Every line of the data below is to be duplicated exactly, pictures excepted.

Data for this exercise Block Start

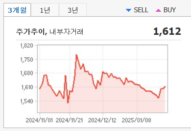 - 2025년 2월 1일 기준 주가는 1,612원, 전일 대비 0.75% 상승
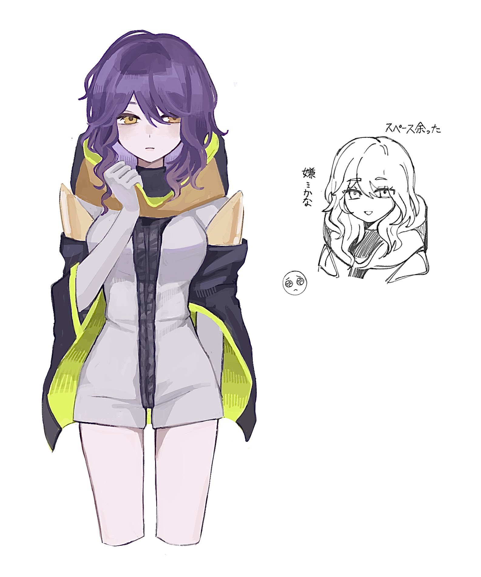 1girl closed_mouth commentary_request gina_(gnosia) gloves gnosia hair_between_eyes heterochromia highres hjm_gn hood hoodie long_sleeves looking_at_viewer medium_hair purple_hair simple_background solo upper_body wavy_hair
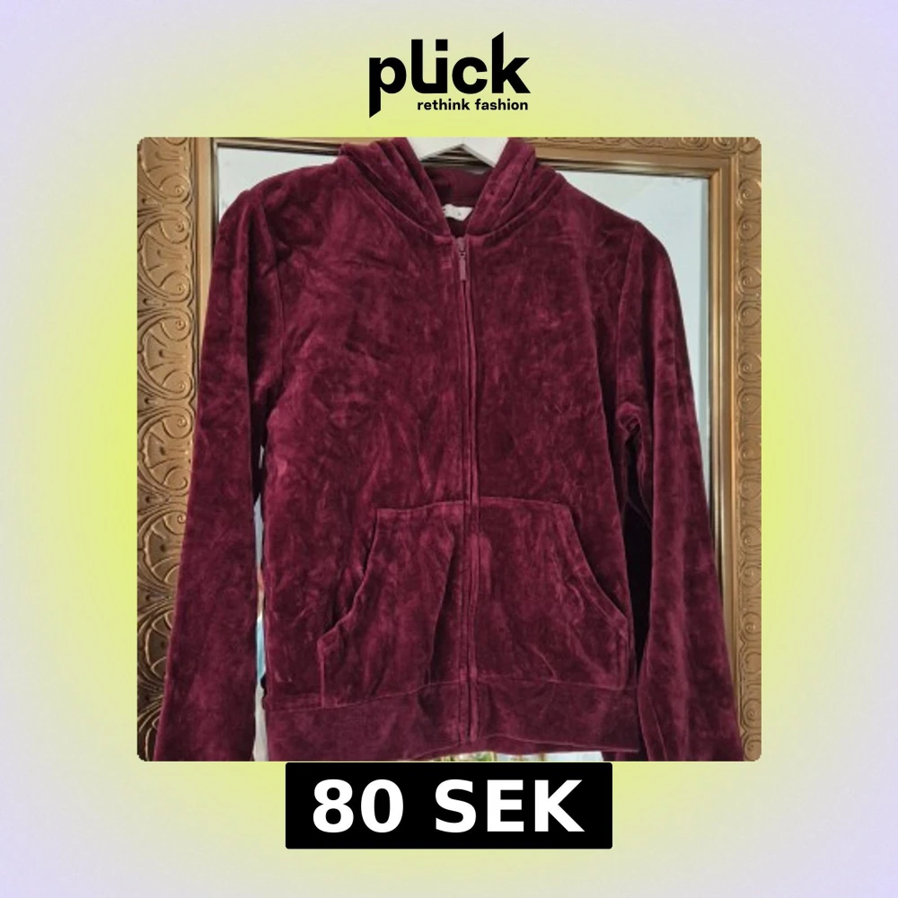 Mysig vinröd hoodie i velour med dragkedja framtill och två fickor.
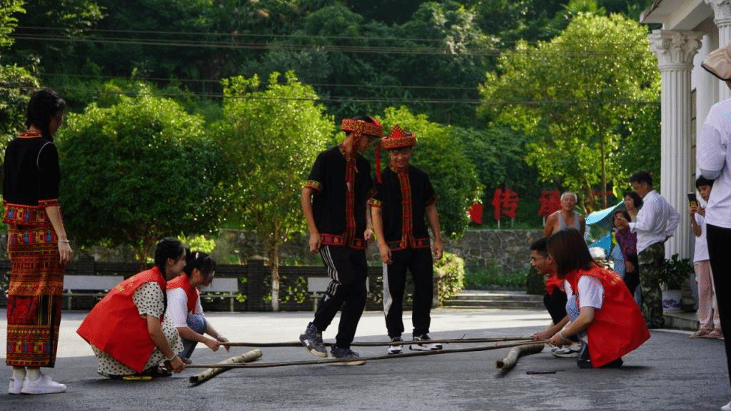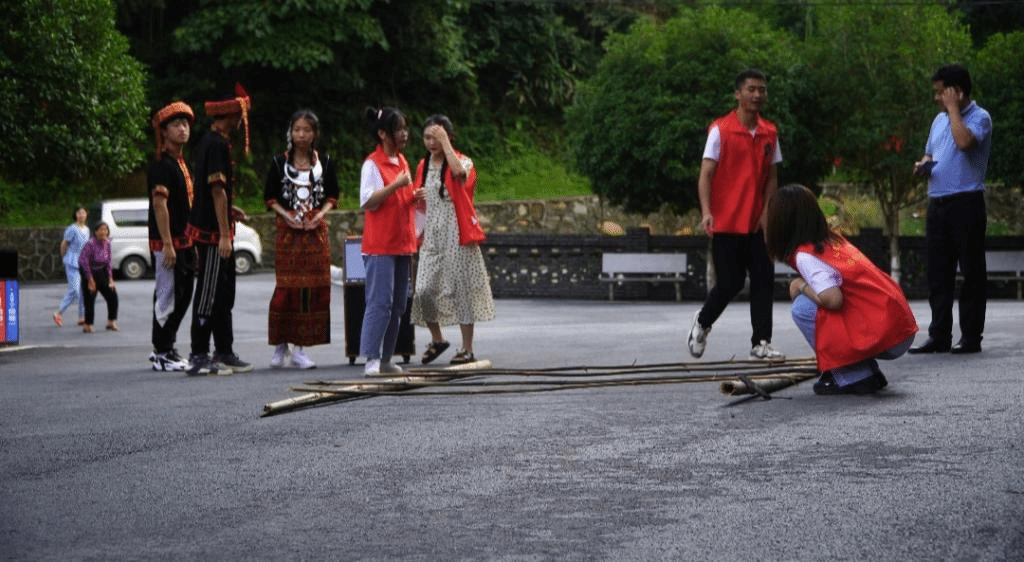 2022年7月5日,我院“同心 同语 同行”三下乡暑期志愿服务团开展了体验民族文化的活动。莲花县神泉乡棋盘山是黎族聚居地,当地汉黎民族互亲互敬、和谐安宁。棋盘山有着丰厚的黎族文化资源,竹竿舞就是黎族人喜爱的一种极具民族特色的娱乐活动。
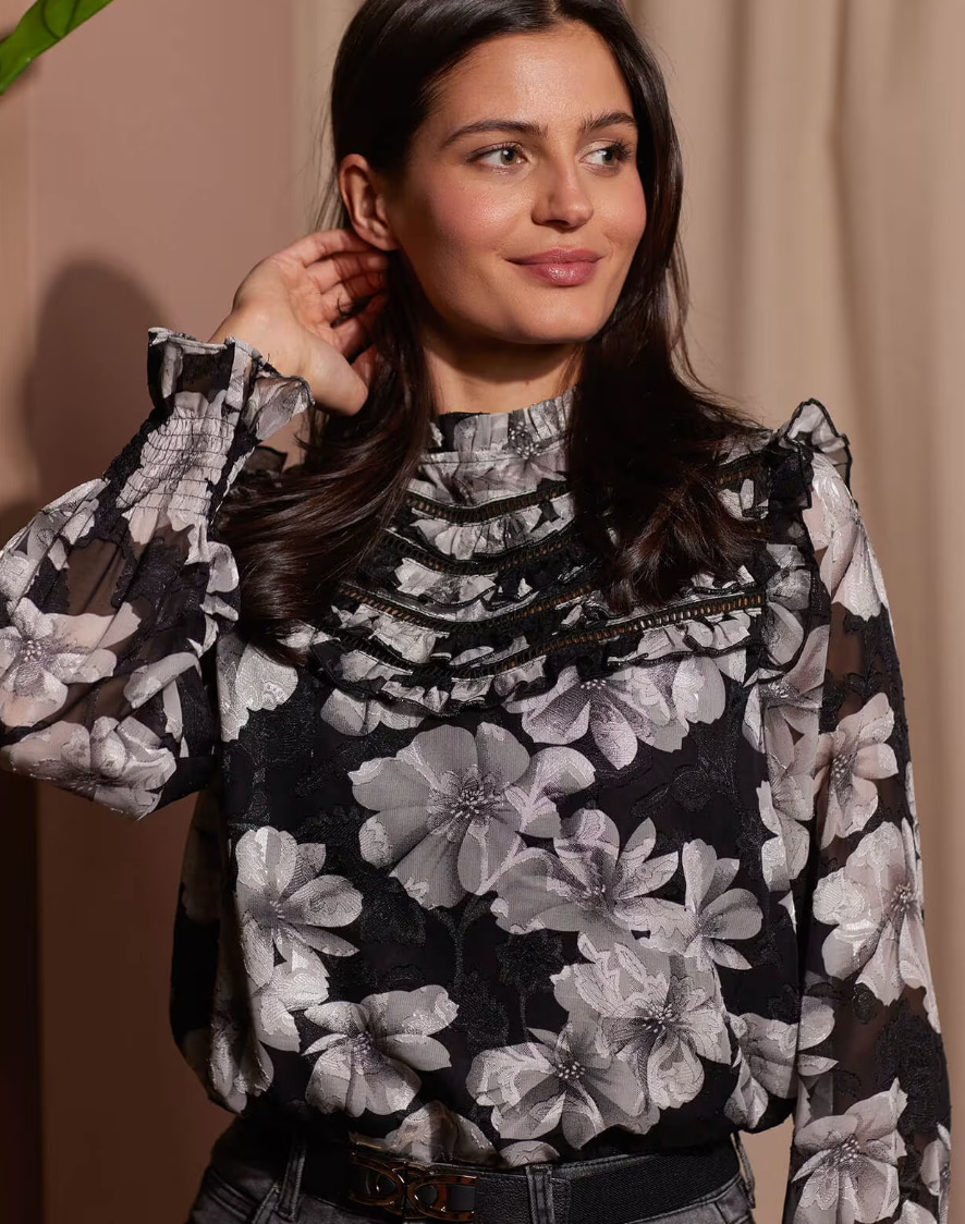 Bluse i chiffon med blomsterprint. Sølvfarget tråd gir en svak shimmer-effekt til blusen. Den er ikke fòret i ermene, så disse oppleves noe gjennomsiktige.
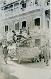 Carroza de la Escuela Normal en celebración del 20 de julio de 1918.
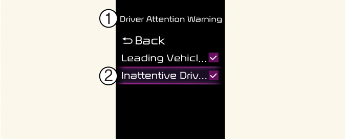 Si la fonction Avertissement d’attention du conducteur est sélectionnée, elle recommandera de prendre une pause lorsque le niveau d’attention chute en dessous d’un certain seuil.

Data for this exercise Block End

Result of the exercise
 - 2025년 2월 1일 기준 주가는 1,612원, 전일 대비 0.75% 상승
 1girl closed_mouth commentary_request gina_(gnosia) gloves gnosia hair_between_eyes heterochromia highres hjm_gn hood hoodie long_sleeves looking_at_viewer medium_hair purple_hair simple_background solo upper_body wavy_hair
 Mysig vinröd hoodie i velour med dragkedja framtill och två fickor.
 2022年7月5日,我院“同心 同语 同行”三下乡暑期志愿服务团开展了体验民族文化的活动。莲花县神泉乡棋盘山是黎族聚居地,当地汉黎民族互亲互敬、和谐安宁。棋盘山有着丰厚的黎族文化资源,竹竿舞就是黎族人喜爱的一种极具民族特色的娱乐活动。
 Bluse i chiffon med blomsterprint. Sølvfarget tråd gir en svak shimmer-effekt til blusen. Den er ikke fòret i ermene, så disse oppleves noe gjennomsiktige.
 Carroza de la Escuela Normal en celebración del 20 de julio de 1918.
 Si la fonction Avertissement d’attention du conducteur est sélectionnée, elle recommandera de prendre une pause lorsque le niveau d’attention chute en dessous d’un certain seuil.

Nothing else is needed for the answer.